Perhaps most importantly, this new opportunity for open, merit-based civil-service selection was limited to roughly 10 percent of the federal bureaucracy at the time, essentially customs officials (“clerks and persons employed by the collector, naval officer, surveyor, and appraisers”) and some postal employees. Both categories encompassed positions of trust where political accountability was of little importance. It was important that the individuals inspecting citizens’ goods, assessing customs dues, and handling official mail be competitively selected in open, merit-based hiring, not based on political connections. 

Over time, the Pendleton Act’s modest reforms have metastasized across the federal government, transforming it beyond what even its proponents would recognize.

First, the act’s coverage expanded until, roughly a century after the Pendleton Act took effect, 90 percent of the federal bureaucracy fell under the purview of the Civil Service Commission. This meant that civil service reforms that were once limited to select trust positions far removed from policymaking are today so expansive that they encompass legions of supposedly non-political civil service employees who actually perform policymaking and policy-advocating work.

The greater reach of these reforms is compounded by the enormously expanded reach of the federal government over the same period of time, a longstanding trend but one that grew exponentially out of the New Deal. Because of the ever-expanding federal government, more civil servants doing policy-related work are protected by civil service rules and the policy work they do reaches further into citizens’ lives than ever before. Protected bureaucrats can designate a neighborhood parcel as a protected wetland, eliminate incandescent lightbulbs in homes, and demand that half of cars sold be electric vehicles, infrastructure inadequacies be damned. 

Second, the Carter administration scrapped merit-based examinations, which had been a key feature of civil service hiring beginning with the Pendleton Act. At the start of the Carter administration, the Professional and Administrative Career Examination (PACE) served as a gateway for college graduates seeking top agency positions in the executive branch. The test was a general intelligence exam aimed at assessing and predicting skills in verbal comprehension, judgment, and deductive, inductive, and quantitative reasoning. Studies showed that success on the test was an excellent predictor of success on the job. In the late 1970s, however, other studies emerged that indicated black test-takers performed disproportionately worse on PACE. The data was imperfect, and the Office of Personnel Management believed that the disparate test results had no “bottom line” adverse impact on minorities in PACE occupations because of other equalizing means for entering those jobs, including internal promotion. OPM data showed that 17 percent of the employees in the most populous PACE occupations were minorities, which was higher than the relevant labor market statistics at the time. But activists sued the Carter Administration over the disparate impact of PACE, and in the twilight of his presidency, Carter’s Department of Justice (perhaps without directly consulting the president or his advisors) settled the case with a consent decree that scrapped the test just as the plaintiffs sought and set in place a racial quota system instead: minority applicants must be selected for jobs at a rate proportional to the number who apply.  

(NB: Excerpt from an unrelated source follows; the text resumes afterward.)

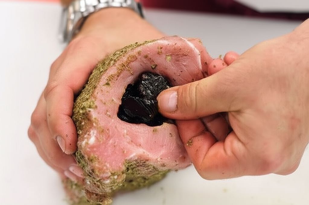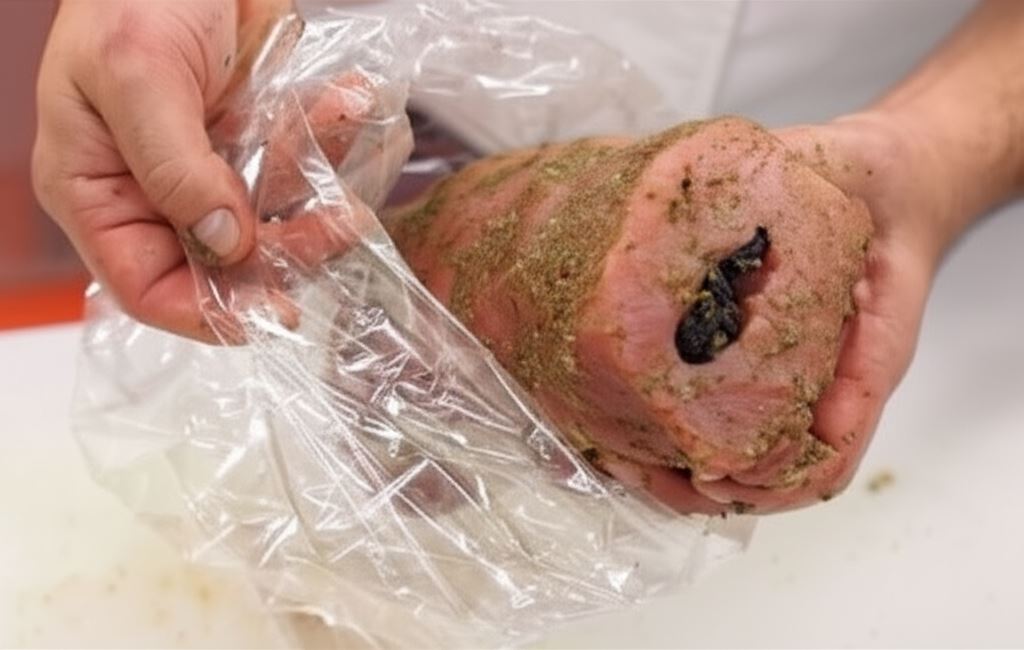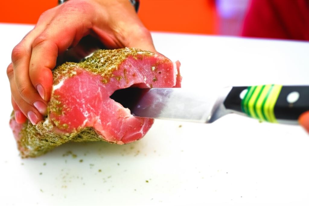 Przy użyciu długiego i cienkiego noża wykonaj nacięcie przez środek i na całej długości mięsa.

Various other aspects of the Pendleton Act’s reforms have been abandoned, too. There are no geographic requirements for apportioning civil service roles. Instead, the bureaucracy is primarily staffed by individuals who spend their careers in and around the District of Columbia. Far from requiring probation periods for new employees to demonstrate their fitness for their roles, in today’s civil service misbehavior is extremely difficult to address and firing nearly impossible. Unable to address misbehavior, the civil service now incentivizes performance with pay bonuses. This has not solved the problem. Even the bureaucracy’s worst performers (for example, the Veterans Administration executives who encouraged false reporting about waiting lists for hospital admissions) receive “outstanding” ratings and qualify for these incentives. The Government Accountability Office has acknowledged that the bureaucracy has no way to stratify employees based on the existing performance evaluation system, under which more than 99 percent of federal employees rate as “successful” or above. The result is that pay raises have become automatic and so-called “incentive pay” serves as “free money” to recipients, untethered from exemplary, metric-tested accomplishments. 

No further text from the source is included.